Your objective »
No pictures in the copy. Write out the listing below exactly.

Data shown »
┏━━

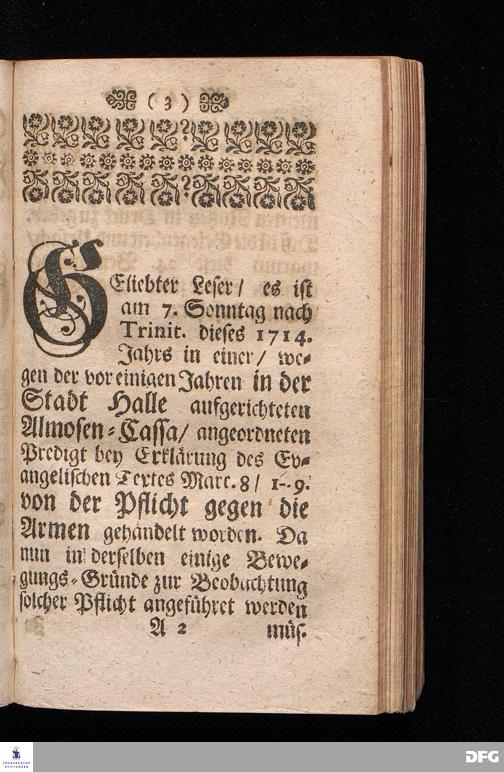 XXIV.Bewegungs=Gründe Zu Beobachtung der Pflicht gegen die Armen / Bey Gelegenheit einer angeordneten Armen=Predigt vorgestellet von August Hermann Francken / S.Theol.Prof.Ord.& Past. Andere Auflage. HALLE, Gedruckt im Wäysen=Hause. 1724.
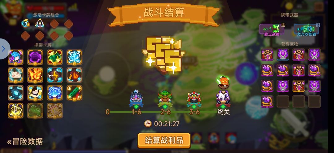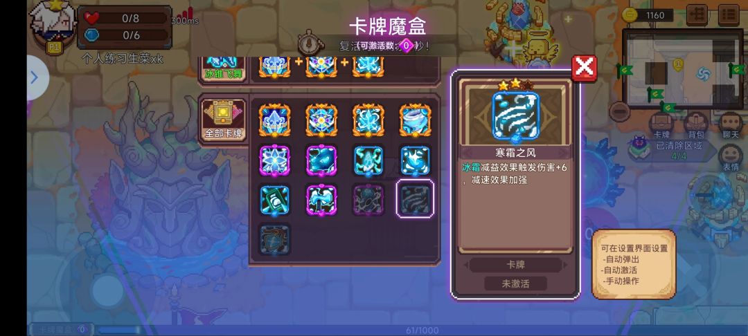 急冻之斧(我的是1星)放在2号位,直接避免没有技能等死的情况。冰霜凝结放在4号位,打boss前攒够100层冰霜之力,感觉这张卡是冰卡组的核心。龙枪是在3图找的,之前一直是初始武器打的
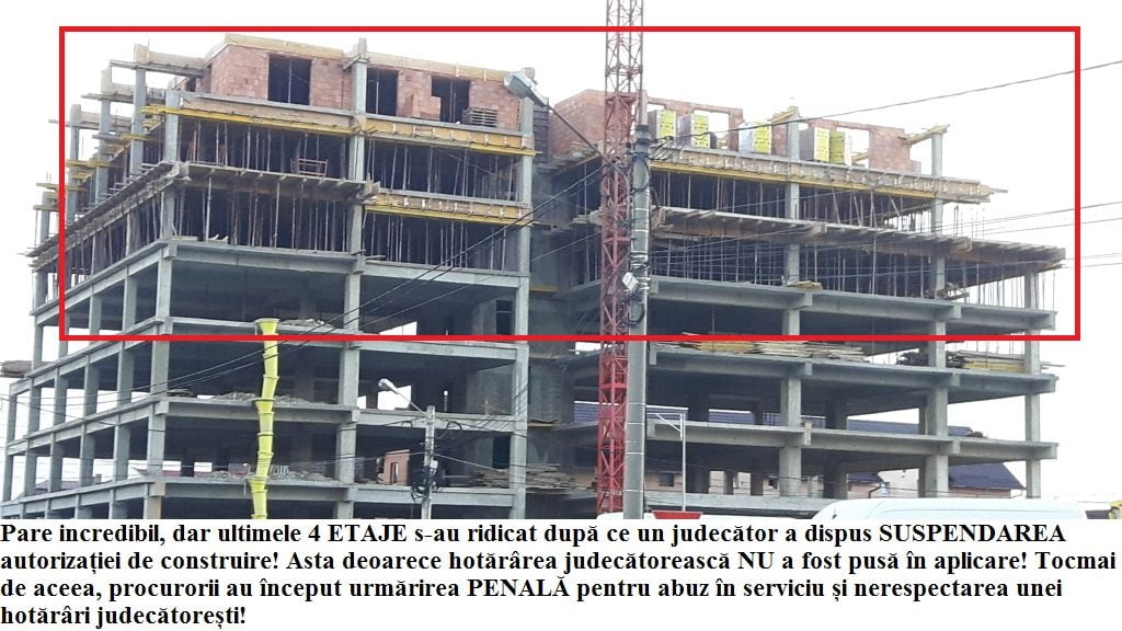 Primăria NU a pus în aplicare hotărârea judecătorească și s-au mai construit 3 etaje! Într-un final a început urmărirea PENALĂ pentru abuz în serviciu și ne-respectarea hotărârii judecătorești!

┗━━

Result for this exercise »
 XXIV.Bewegungs=Gründe Zu Beobachtung der Pflicht gegen die Armen / Bey Gelegenheit einer angeordneten Armen=Predigt vorgestellet von August Hermann Francken / S.Theol.Prof.Ord.& Past. Andere Auflage. HALLE, Gedruckt im Wäysen=Hause. 1724.
 急冻之斧(我的是1星)放在2号位,直接避免没有技能等死的情况。冰霜凝结放在4号位,打boss前攒够100层冰霜之力,感觉这张卡是冰卡组的核心。龙枪是在3图找的,之前一直是初始武器打的
 Primăria NU a pus în aplicare hotărârea judecătorească și s-au mai construit 3 etaje! Într-un final a început urmărirea PENALĂ pentru abuz în serviciu și ne-respectarea hotărârii judecătorești!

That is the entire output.